» **RAW DATA**

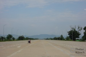 Als wir der Stadt näher kommen, sehen wir schon die Autobahn und zählen teilweise bis zu fünf Spuren. Die einzigen Verkehrsteilnehmer sind Busse, welche die gute und ebene Autobahn gerne nutzen. Zuerst sagt uns niemand, dass wir in Naypyidaw sind und erst als ein Taxifahrer sich erkundet, wo wir hin wollen, erfahren wir, dass wir schon am Ziel sind. Beim Aussteigen sehen wir nur ein paar Taxifahrer und sonst ist nichts los. Ok, es ist 3:00 Uhr in der Nacht, was soll da schon gross los sein? Eigentlich hätten wir schon um Mitternacht ankommen sollen, da der Bus jedoch übervoll war und im Durchgang bereits Plastikstühle aufgestellt wurden, dauerte jeder Stopp etwas länger als geplant 😉
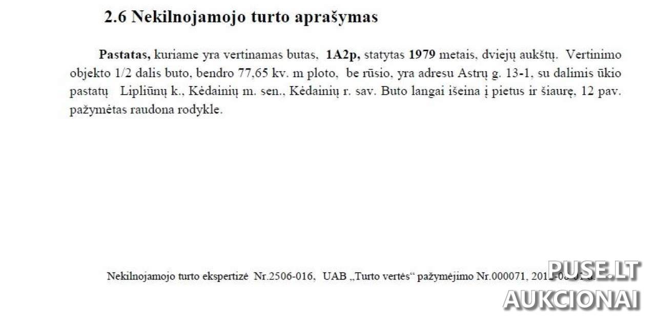 Turto charakteristikos ir detalesnė informacija, įskaitant vizualinę medžiagą, pateikta nuotraukose Foto1, Foto2 ir Foto3. Konkrečios buto charakteristikos (plotas, kambarių skaičius, būklė) privalės būti patikslintos per turto apžiūrą arba peržiūrint pridedamą dokumentaciją.
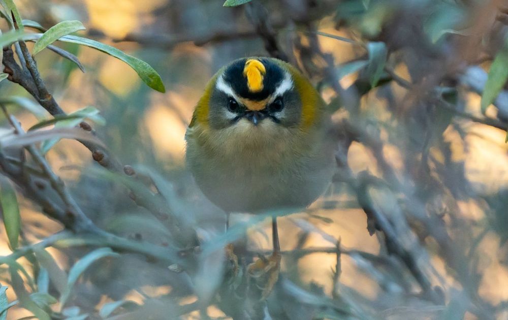 Deze vuurgoudhaan keek alsof ie op heterdaad betrapt was terwijl hij druk aan het foerageren was. Ik kon 'm maar net tussen de takjes en blaadjes door zien.
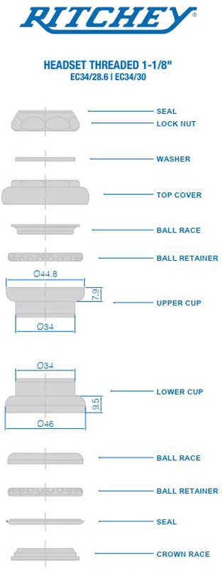 - 1 jeu de direction Ritchey Comp fileté 1 1/8″ EC34
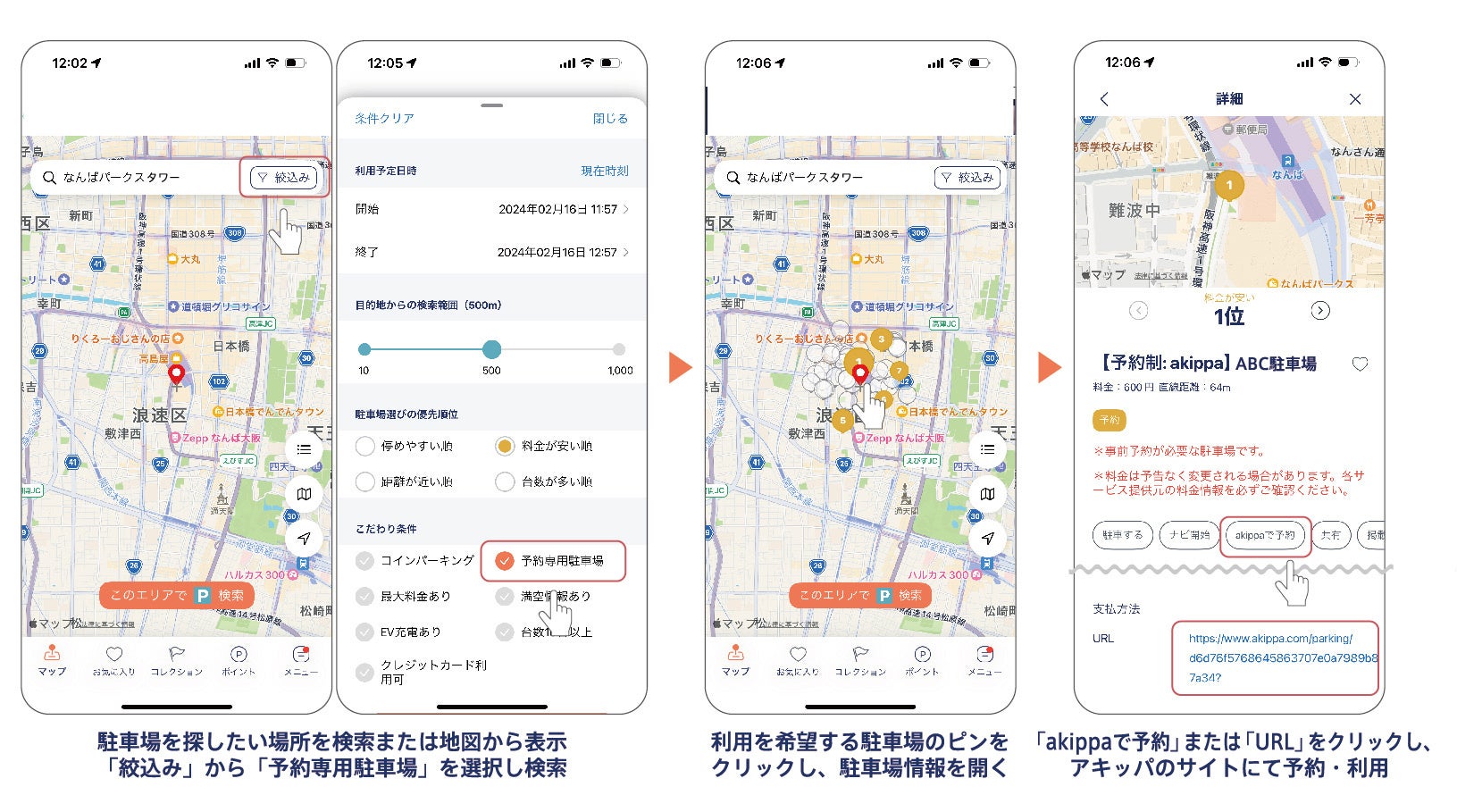 この連携によりドライバーは、P-Collection上からアキッパの駐車場検索および予約(満空)状況の確認が可能となることから、利便性向上につながります。

» **EXERCISE AIM**
In the data above, find the line with "- 1 jeu de direction" and repeat it and every line after it through the end, exactly; leave the pictures out.

» **ANSWER TO THE PROBLEM**
 - 1 jeu de direction Ritchey Comp fileté 1 1/8″ EC34
 この連携によりドライバーは、P-Collection上からアキッパの駐車場検索および予約(満空)状況の確認が可能となることから、利便性向上につながります。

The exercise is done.